I'd go back to Egypt and trade for Pharao Tuts dagger made from meteor metal. In return I'd give him a gas station tactical all black heavily serrated assisted folder which never needs sharpening and has lots of skulls on it.
He would think he got the better end of the deal and would have trouble holding back his grin and me too.
Win win.
Also even if the dagger would be carbon dated to be from our time (since it travelled through time and didn't age) and thus be worthless for a museum or collector it's still a cool piece of art for me personally.
I know that this is for fun, but as an archaeologist, I just had to chime in...
You can't carbon date metal. You can only carbon date things that were alive, because what you are dating is the ratio of (radioactive) C14 to (stable) C13. While organisms are alive they are constantly taking in C14 from the atmosphere and things they eat at a fairly stable rate, and then those isotopes are incorporated into their cells. As soon as a thing dies it stops making new cells and the C14 in the material starts to decay into stable C13. The half life of C14 is less than 6,000 years (if I recall correctly, I don't work in an AMS dating lab myself), which is why you can only carbon date things to a maximum age of around 50,000 years ago. But that means that you can only date things that were alive.
So unless your knife that you brought back had bone or wood handles, it couldn't be dated (plastic is made from fossil carbon, which was alive, but hundreds of millions of years ago, so is composed of entirely stable carbon). But, just to make things more complicated, trees only replace cells in the outer layers, so the inside of an old tree can date to hundreds of years before the outer part (this is called the "old wood" problem in carbon dating).
But if your knife had wood handles, and you brought it back, the carbon inside would decay normally, and the carbon date would be the same as if it had started from back then. But if you had a knife with handles made from the inside of a 1000 year old tree, and brought them back to 1330BC, and traded with King Tut, then the knife would carbon date to 4280 years before present (because "present" in carbon dating is always 1950...).

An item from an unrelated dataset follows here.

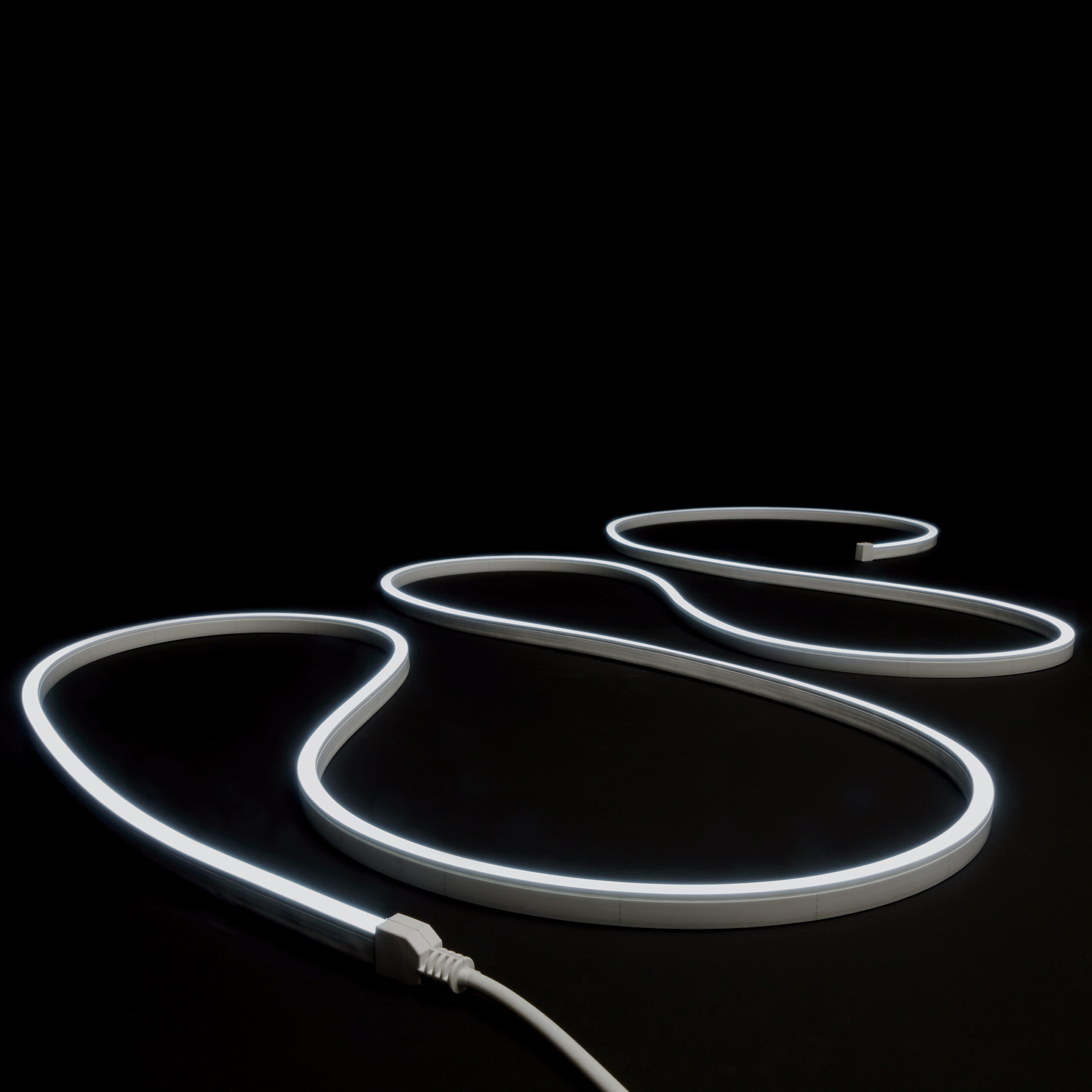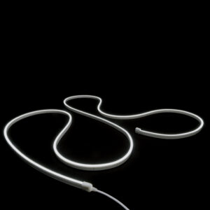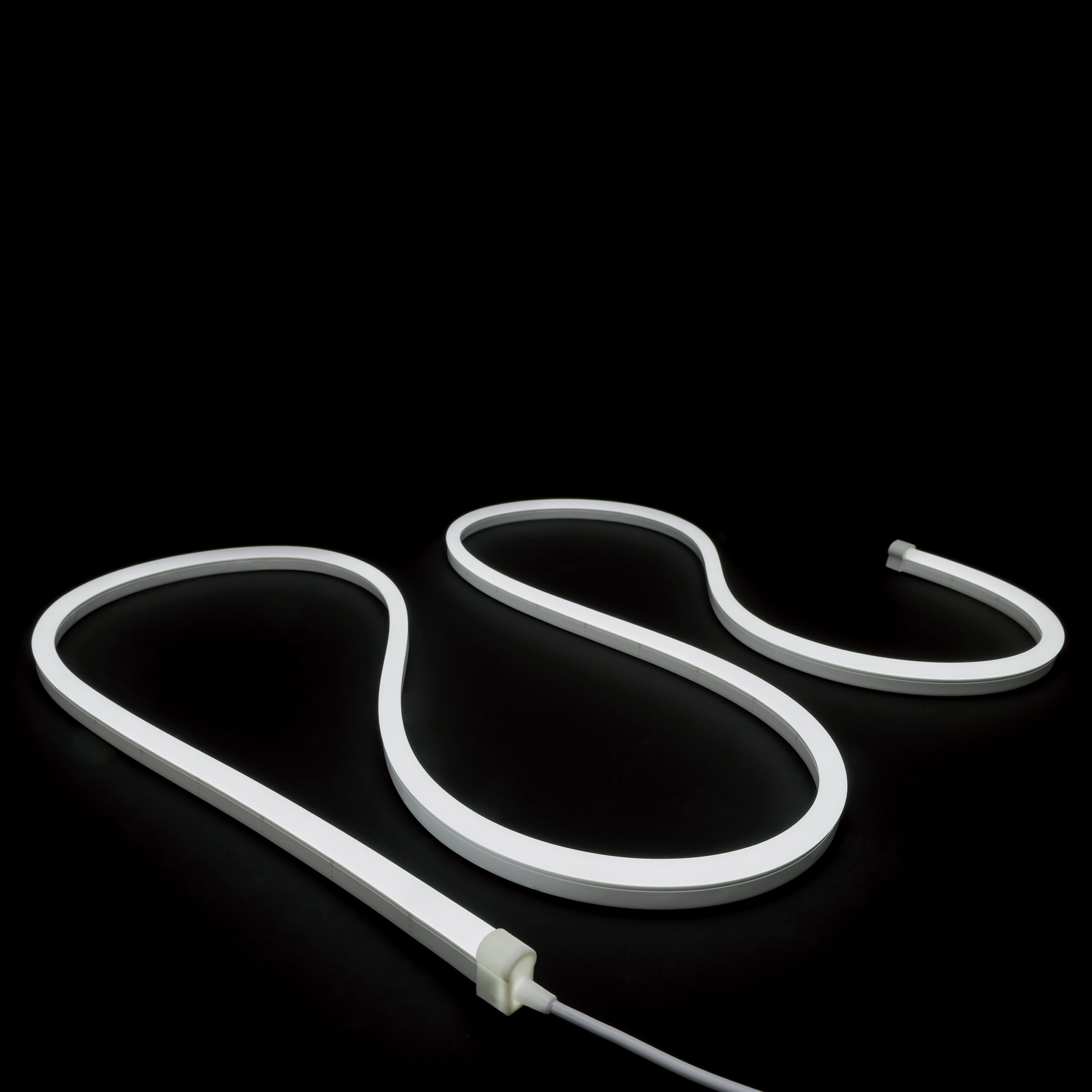 Linea luminosa LED flessibile IP67, che permette linee dritte o curve senza interruzioni di luce. LED monocromatici montati su circuito flessibile incapsulato in silicone bianco (lato esterno) e opalescente (lato LED). Lunghezza 5m, lunghezza massima alimentabile per singola bobina: 5m. Installazione a superficie con clips o su profilo in alluminio da ordinare separatamente. Alimentatore e unità di controllo non inclusi.

But just to add extra things to think about, the amount of C14 in the atmosphere back in the mid-20th century was way higher than average, because most C14 is made by solar radiation, but all of the nuclear testing and explosions of the 20th century made lots of new man-made C14. But these days modern things are actually testing older than they are because of all of the fossil carbon being pumped into he atmosphere by fossil fuels like gasoline and coal. When we were blowing up lots of nukes we were putting enough radioactive carbon into the air to counteract the fossil fuels we were using, but now that we are burning more fossil fuels and blowing up fewer nukes we are throwing off the carbon ratios...
Okay. I'm sorry about the digression.
Time travel is hard.
I would go back to 2007 and buy a bunch of Lone Wolf Knives. But those aren't traditional. So if I went for a traditional, I would invest in bulletproof gear, then go and pick up a V-44 survival knife from WWII. Because I think they are cool. One was donated to the museum I worked at, and I had to research what it was. Marines in the pacific theater (early on) used to ditch their daggers for the Air Force Bailout Kit V-44 "machete". The V-44 big bowie style blade was a lot more useful in the islands. Of course the Marines switched to Ka-Bars really quickly, and the bailout kit knife changed, but those V-44's were cool. And I like the idea of Marines in the Pacific fighting with bowie knives.